On 10/7/19 2:40 AM, Brendan Higgins wrote:
On Sun, Oct 6, 2019 at 10:18 AM Linus Torvalds torvalds@linux-foundation.org wrote:
On Sun, Oct 6, 2019 at 9:55 AM Theodore Y. Ts'o tytso@mit.edu wrote:
Well, one thing we *can* do is if (a) if we can create a kselftest branch which we know is stable and won't change, and (b) we can get assurances that Linus *will* accept that branch during the next merge window, those subsystems which want to use kself test can simply pull it into their tree.
Yes.
At the same time, I don't think it needs to be even that fancy. Even if it's not a stable branch that gets shared between different developers, it would be good to just have people do a "let's try this" throw-away branch to use the kunit functionality and verify that "yeah, this is fairly convenient for ext4".
It doesn't have to be merged in that form, but just confirmation that the infrastructure is helpful before it gets merged would be good.
I thought we already had done this satisfactorily.
Adding a couple more tests will only help in the long run. The idea is to see can this help
We have one proof-of-concept test in the branch in the kselftest repo (proc sysctl test) that went out in the pull request, and we also had some other tests that were not in the pull request (there is the ext4 timestamp stuff mentioned above, and we also had one against the list data structure), which we were planning on sending out for review once Shuah's pull request was accepted.
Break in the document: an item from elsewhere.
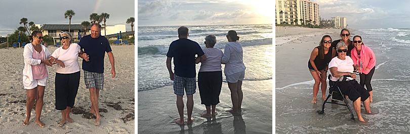 On our vacation with our extended family we got my Grammy Bear down to the ocean so she could put her feet in the water.

I know the apparmor people also wrote some tests that they said were useful; however, I have not coordinated with them on upstreaming their tests. I know of some other people who are using it, but I don't think the tests are as far along for upstreaming.
Maybe that is a good start. To get the tests that are already in use and get them in shape for upstream.
The point is: I thought we had plenty of signal that KUnit would be useful to have merged into the mainline kernel. I thought the only reason it was rejected for 5.4 was due to the directory name issue combined with bad timing.
That is probably the initial thought. However, it makes perfect sense to add a couple of tests in. We have a few weeks anyway and it gives us more confidence on kunit.
I already have a branch that is in linux-next and it just has kunit in it and I will rebase it to 5.4-rc1.
https://git.kernel.org/pub/scm/linux/kernel/git/shuah/linux-kselftest.git/lo...
Let's use that for kunit work for 5.5. I won't add any kselftest patches to it and keep it dedicated for kunit work. When tests are ready for upstream, I can keep adding them to this branch.